Avancées de la médecine dans le monde arabo-musulman


Bertrand Hauchecorne

Trois grands penseurs du monde arabo-musulman ont révolutionné au Moyen-âge les connaissances et les pratiques médicales. Leur enseignement a influencé l'Occident, des siècles durant.

Rhazès

Abou Bakr Mohammad ibn Zakariya ar-Razi, connu en France sous le nom de Rhazès, est né en 865 à Ray, ville proche de l'actuelle Téhéran. De langue persane, il écrira toute son œuvre en arabe. D'abord musicien, il s'intéresse très vite à l'alchimie, la philosophie, les mathématiques et l'astronomie. Il affirme en particulier que la terre est ronde, idée qui était très loin d'être acceptée par tous à l'époque. Atteint d'une maladie des yeux, il se tourne vers la médecine après 30 ans et se plonge dans les œuvres de Galien et d'Hippocrate. On le charge alors de la direction d'un hôpital, et c'est de manière très rationnelle qu'il le dirige en insistant sur l'importance de la prévention et de la diététique. Il explique l'importance d'observer de manière précise les symptômes et d'en déduire le bon diagnostic grâce aux connaissances théoriques qu'il a établies. Le premier, il remarque que certains dérèglements ont des origines psychosomatiques. Rhazès est surtout connu pour avoir développé la pharmacologie en tant que discipline inhérente à la médecine et il est sans doute le premier à introduire des éléments chimiques comme médicaments. Son influence dans le domaine durera en Occident jusqu'au xviie siècle.

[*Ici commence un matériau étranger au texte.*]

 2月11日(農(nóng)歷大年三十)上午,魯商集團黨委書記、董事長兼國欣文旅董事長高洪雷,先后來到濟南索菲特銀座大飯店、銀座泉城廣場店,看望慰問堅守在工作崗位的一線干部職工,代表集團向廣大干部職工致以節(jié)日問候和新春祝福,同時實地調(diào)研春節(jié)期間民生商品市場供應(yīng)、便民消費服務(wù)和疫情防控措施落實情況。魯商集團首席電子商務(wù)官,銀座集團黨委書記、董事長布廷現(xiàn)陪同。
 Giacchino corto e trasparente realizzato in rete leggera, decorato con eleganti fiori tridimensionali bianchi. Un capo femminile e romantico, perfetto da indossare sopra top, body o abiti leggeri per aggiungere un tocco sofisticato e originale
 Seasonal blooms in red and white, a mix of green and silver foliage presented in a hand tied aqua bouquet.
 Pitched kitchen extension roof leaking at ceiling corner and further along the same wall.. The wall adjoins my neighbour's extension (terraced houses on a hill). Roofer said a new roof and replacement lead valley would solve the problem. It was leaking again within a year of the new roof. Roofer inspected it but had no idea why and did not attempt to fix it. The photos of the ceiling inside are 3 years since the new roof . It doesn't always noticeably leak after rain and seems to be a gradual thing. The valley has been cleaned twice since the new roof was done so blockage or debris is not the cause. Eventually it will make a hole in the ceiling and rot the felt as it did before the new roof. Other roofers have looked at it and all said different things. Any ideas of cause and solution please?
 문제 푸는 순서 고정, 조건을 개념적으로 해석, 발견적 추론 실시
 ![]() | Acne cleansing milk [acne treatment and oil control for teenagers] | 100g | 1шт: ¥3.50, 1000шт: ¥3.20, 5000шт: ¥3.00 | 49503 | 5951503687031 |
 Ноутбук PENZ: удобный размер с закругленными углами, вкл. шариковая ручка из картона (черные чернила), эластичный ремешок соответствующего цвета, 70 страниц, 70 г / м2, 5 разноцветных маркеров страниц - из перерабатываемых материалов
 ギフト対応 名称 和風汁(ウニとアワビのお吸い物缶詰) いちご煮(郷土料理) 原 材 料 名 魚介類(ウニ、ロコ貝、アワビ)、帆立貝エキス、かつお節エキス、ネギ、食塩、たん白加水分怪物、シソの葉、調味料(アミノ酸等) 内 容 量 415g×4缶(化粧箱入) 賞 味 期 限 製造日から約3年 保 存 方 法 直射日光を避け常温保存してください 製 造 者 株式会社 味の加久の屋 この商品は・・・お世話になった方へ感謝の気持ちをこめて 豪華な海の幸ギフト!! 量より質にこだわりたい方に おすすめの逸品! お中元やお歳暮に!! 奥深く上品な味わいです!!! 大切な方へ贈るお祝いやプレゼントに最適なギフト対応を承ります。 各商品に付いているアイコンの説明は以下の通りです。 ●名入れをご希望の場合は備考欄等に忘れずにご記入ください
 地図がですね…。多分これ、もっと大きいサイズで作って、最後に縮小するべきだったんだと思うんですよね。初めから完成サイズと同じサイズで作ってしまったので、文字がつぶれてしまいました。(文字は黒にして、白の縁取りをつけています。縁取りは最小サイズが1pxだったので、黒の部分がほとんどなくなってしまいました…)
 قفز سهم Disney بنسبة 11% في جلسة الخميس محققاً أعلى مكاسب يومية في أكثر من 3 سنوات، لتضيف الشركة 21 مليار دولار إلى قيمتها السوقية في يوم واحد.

On lui doit de nombreux ouvrages, en particulier Kitab al-Hawi fi al-Tibb, une somme de toutes les connaissances médicales de l'époque.   

 

Avicenne

Né près de Boukhara vers 980, Avicenne, de son vrai nom Ibn Sina, s'intéresse très jeune à de nombreuses disciplines. Il reste célèbre comme philosophe et comme médecin. Cependant, il étudie aussi les sciences et s'intéresse tant à l'algèbre qu'à la géométrie. C'est sans doute par une approche théologique qu'il se penche sur la notion d'infini et réfléchit aussi sur la notion de continu. En logique, il reprend le principe de non contradiction d'Aristote. Il préconise aussi, bien avant Descartes, l'expérimentation pour faire avancer les sciences.

À 18 ans, il achève des études de médecine et entame alors la traduction en arabe des œuvres d'Hippocrate et de Galien. Il vit alors à la cour et se fait une grande réputation en soignant des personnages influents. Suite à une disgrâce, il se réfugie à la cour de l'Emir d'Ispahan. Atteint en 1037 de troubles gastriques, il décède sans réussir à se soigner.

 

Avicenne écrit de très nombreux ouvrages tant en philosophie qu'en théologie. Cependant son Canon de la médecine, en arabe
Al-Qânûn fi'l-Tibb, achevé en 1025, connaîtra un immense succès tant en Orient qu'en Occident. On y trouve des descriptions minutieuses des maladies, y compris des troubles nerveux. Avicenne s'interroge sur leur propagation et propose des remèdes. 

 

Averroès

Averroès, de son vrai nom, Ibn Rochd, voit le jour à Cordoue en 1126. Sa renommée en tant que philosophe, en particulier son analyse d'Aristote, se diffuse dans les Universités de l'Occident médiéval. Aussi, on oublie parfois la composante scientifique du personnage, en particulier ses travaux sur la médecine. 

Averroès suit à Cordoue des études de théologie et ce n'est qu'ensuite qu'il étudie les sciences, en particulier l'astronomie, la physique et la médecine. À la demande du Calife, il se lance dans l'étude d'Aristote dont il deviendra le principal commentateur.

Connu aussi comme médecin, Averroès insiste sur la nécessité de s'appuyer sur l'observation et l'expérimentation. Son apport se concentre surtout sur un étude détaillée de l'anatomie. Il recueille tout son savoir médical dans un ouvrage qu'il intitule Kitab al-Kulliyate fi al-Tibb (le livre de la médecine universelle), connu en Occident sous le nom latinisé de Colliget

 

Suspecté d'hérésie à la fin de sa vie, il termine ses jours à Marrakech, loin de son Andalousie natale. Son œuvre, longtemps délaissée par les Arabes, se transmettra avant tout grâce à des traducteurs juifs pour atteindre l'Occident chrétien.